Hans van Mierlo – de onzekere jongen uit een Brabantse patriciërsfamilie – kwam laat tot bloei. Pas toen hij na een moeizame rechtenstudie in het katholieke Nijmegen op 29-jarige leeftijd in Amsterdam ging wonen, vond hij, meevarend op de golf van veranderingen in de jaren zestig, zijn plek: eerst als journalist en vanaf 1966 als partijleider van D66.

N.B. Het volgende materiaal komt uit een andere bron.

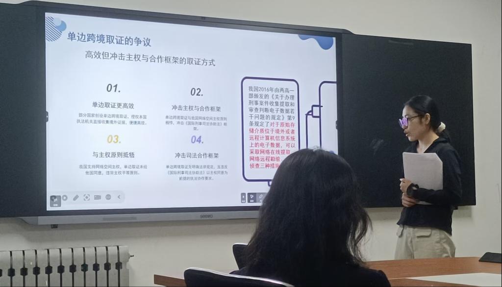 主讲人李倩文的《数据控制者跨境取证模式研究》报告聚焦于跨境取证,旨在探索数据控制者跨境取证模式之下的中国应对之策。她指出在当今社会,一方面为应对数字化犯罪问题,电子数据的信息共享度将成为跨境取证的关键证据;另一方面还要面对传统司法协助流程复杂和单边取证冲击主权等问题。因此,中国在此时的应对之策要明确管辖模式立场和探索多元取证模式来加强自身能力。

Van Mierlo stond aan de wieg van twee van de bijzonderste regeringen van de twintigste eeuw: het progressieve kabinet-Den
Uyl (1973-1977) en de paarse kabinetten-Kok (1994-2002). De belofte van een nieuw bestel wist hij nooit in te lossen. Staatkundige hervormingen kwamen niet van de grond. Het ideaal van één progressieve volkspartij werd een desillusie. Maar al die jaren bleef de ongedisciplineerde libertijn met zijn intellectuele uitstraling de politieke tolk van Nederlanders die streefden naar individuele vrijheid in een sociale rechtsstaat.

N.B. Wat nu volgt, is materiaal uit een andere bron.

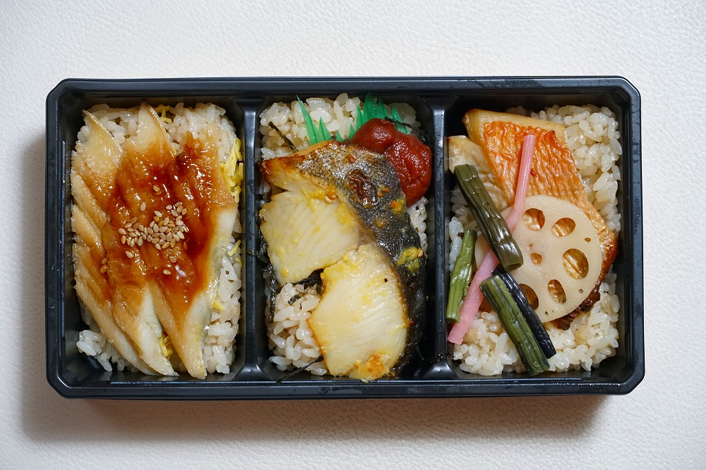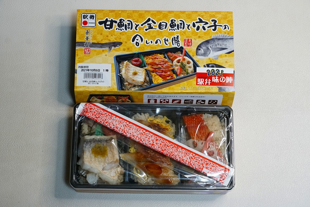 2021(令和3)年7月に発売、10月にJR東日本の駅弁キャンペーン「駅弁味の陣2021」にエントリー。容器の3区画すべてに茶飯を詰め、甘鯛の塩焼きに柚子胡椒と梅干し、煮穴子とタレと錦糸卵、金目鯛の照焼きにハスとワラビとはじかみを載せる、御飯と御飯と御飯の内容。3種の魚介類の香りと、それらを引き立てる味付けと付合せと御飯の協調が印象的で、列車内でなくても、駅弁でなくても、おいしくいただけるお弁当だと思う。スリーブには中身の写真と3種の食材を描いた。2022年5月限りで終売。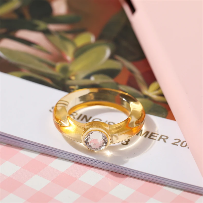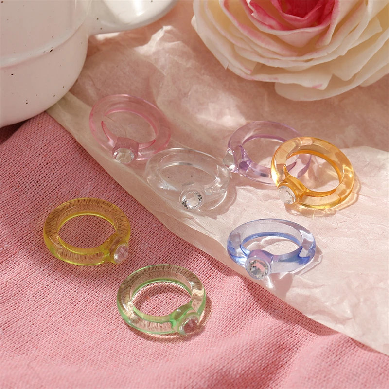 Корейские прозрачные разноцветные кольца из акриловой смолы для женщин летние Геометрические Квадратные Ювелирное кольцо со стразами подарки для путешествий

Journalist en historicus Hubert Smeets, die als eerste Van Mierlo’s privéarchieven mocht inzien, laat zien hoe politiek voor de twijfelaar Van Mierlo een intellectuele levenshouding was, geen kille machtsstrijd – al was hij niet vies van de macht. Een wonderbaarlijk politicus is het portret van een zoeker en een tobber, van een politicus die geen politicus was, maar Nederland wel vormgaf.